MOSS-TTSD: Text to Spoken Dialogue Generation

arXiv cs.CL / 3/23/2026

📰 NewsModels & Research

Key Points

  • The paper introduces MOSS-TTSD, a spoken dialogue synthesis model for expressive, multi-party conversational speech across languages, addressing long-context modeling and cross-turn coherence.
  • It enables long-form single-pass synthesis of up to 60 minutes, supports up to five speakers, and includes zero-shot voice cloning from a short reference clip.
  • It also proposes TTSD-eval, an objective evaluation framework based on forced alignment to measure speaker attribution and similarity without relying on diarization tools.
  • The model is shown to surpass strong open-source and proprietary baselines in both objective and subjective evaluations of dialogue synthesis across languages.
  • With applications in podcasts, dynamic commentary, and entertainment, MOSS-TTSD signals a major advance in real-time, multi-speaker voice generation.

Abstract

Spoken dialogue generation is crucial for applications like podcasts, dynamic commentary, and entertainment content, but poses significant challenges compared to single-utterance text-to-speech (TTS). Key requirements include accurate turn-taking, cross-turn acoustic consistency, and long-form stability, which current models often fail to address due to a lack of dialogue context modeling.
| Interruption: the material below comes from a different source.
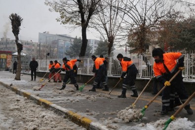 Cumhuriyet, Maraş, Milli Egemenlik, Defterdarlık, Hacıbekir, Hastane, İkinisan, Sıhke ve Zübeyde Hanım caddelerinde yürütülen çalışma ile kaldırım ve yaya yolları kardan temizlendi.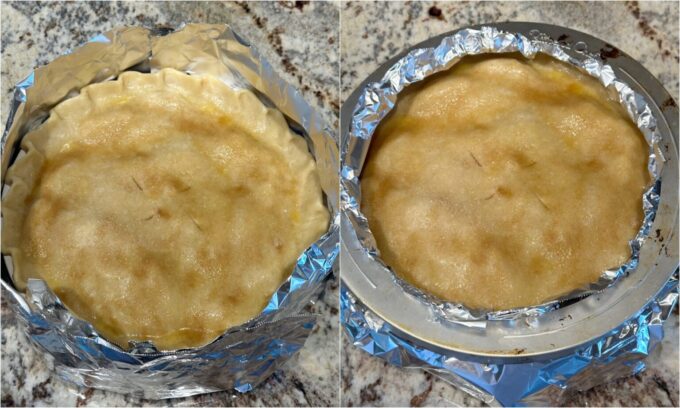 Option 1: Buy the cheapest flimsy aluminum foil you can find, not heavy duty. I find it at the dollar store and it’s perfect. Tear off long strips about four inches wide. Place pieces together around the pie crust by stapling the end pieces together. That’s right! Staple them!! After you staple them, slightly bend the foil inward towards the center of the pie. You can form the foil around the pie edges allowing for extra room around pie dish handles and it won’t mess up the edges. It’s light weight! Then, you can place a pie shield over it, if you prefer, to help secure the foil.

To bridge this gap, we present MOSS-TTSD, a spoken dialogue synthesis model designed for expressive, multi-party conversational speech across multiple languages. With enhanced long-context modeling, MOSS-TTSD generates long-form spoken conversations from dialogue scripts with explicit speaker tags, supporting up to 60 minutes of single-pass synthesis, multi-party dialogue with up to 5 speakers, and zero-shot voice cloning from a short reference audio clip. The model supports various mainstream languages, including English and Chinese, and is adapted to several long-form scenarios. Additionally, to address limitations of existing evaluation methods, we propose TTSD-eval, an objective evaluation framework based on forced alignment that measures speaker attribution accuracy and speaker similarity without relying on speaker diarization tools. Both objective and subjective evaluation results show that MOSS-TTSD surpasses strong open-source and proprietary baselines in dialogue synthesis.